▸ **Assigned task**: Find the lines below that contain the string "Hulett". Copy each one.

▸ **Collected data**:
• • •
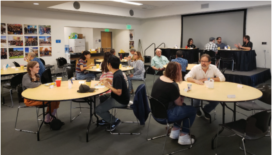
The first Peer-To-Peer Brunch in 2019 saw 57 TAG members networking to great effect at Hulett Hall. Sign up to attend the 2023 event and meet other members looking to connect.

This event was originally run back in 2019, held in Hulett Hall, and had 57 attendees. It was a very successful event, and we wanted to bring it back ... but bigger and better! We felt holding it outside might help provide a venue both able to accommodate a larger number of members, as well as a safer venue for a wider variety of people. Even still, space is limited so please apply quickly! If we hit our cap, we will create a wait-list for additional interested attendees.
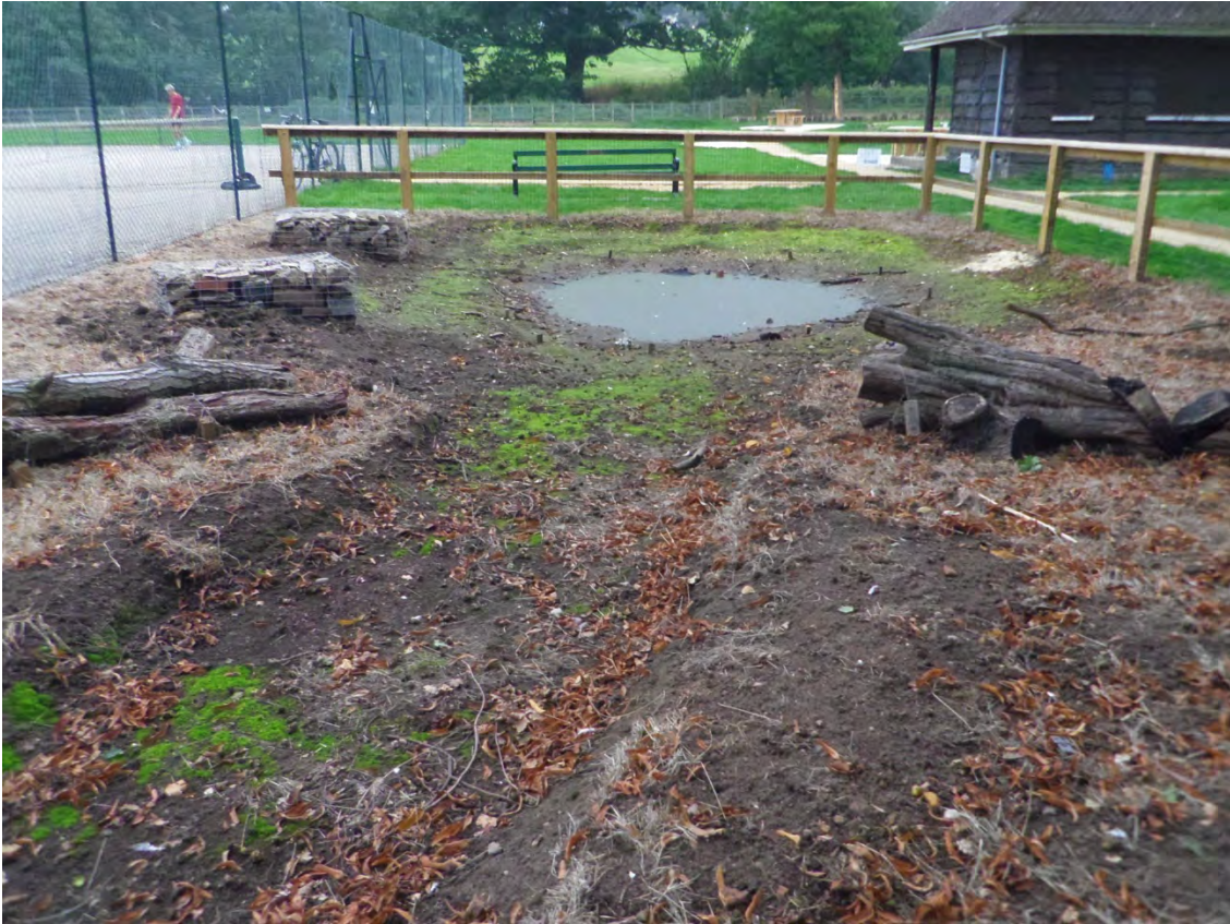
Fig 8: 'Rain Garden'
• • •
▸ **The answer**:
The first Peer-To-Peer Brunch in 2019 saw 57 TAG members networking to great effect at Hulett Hall. Sign up to attend the 2023 event and meet other members looking to connect.
This event was originally run back in 2019, held in Hulett Hall, and had 57 attendees. It was a very successful event, and we wanted to bring it back ... but bigger and better! We felt holding it outside might help provide a venue both able to accommodate a larger number of members, as well as a safer venue for a wider variety of people. Even still, space is limited so please apply quickly! If we hit our cap, we will create a wait-list for additional interested attendees.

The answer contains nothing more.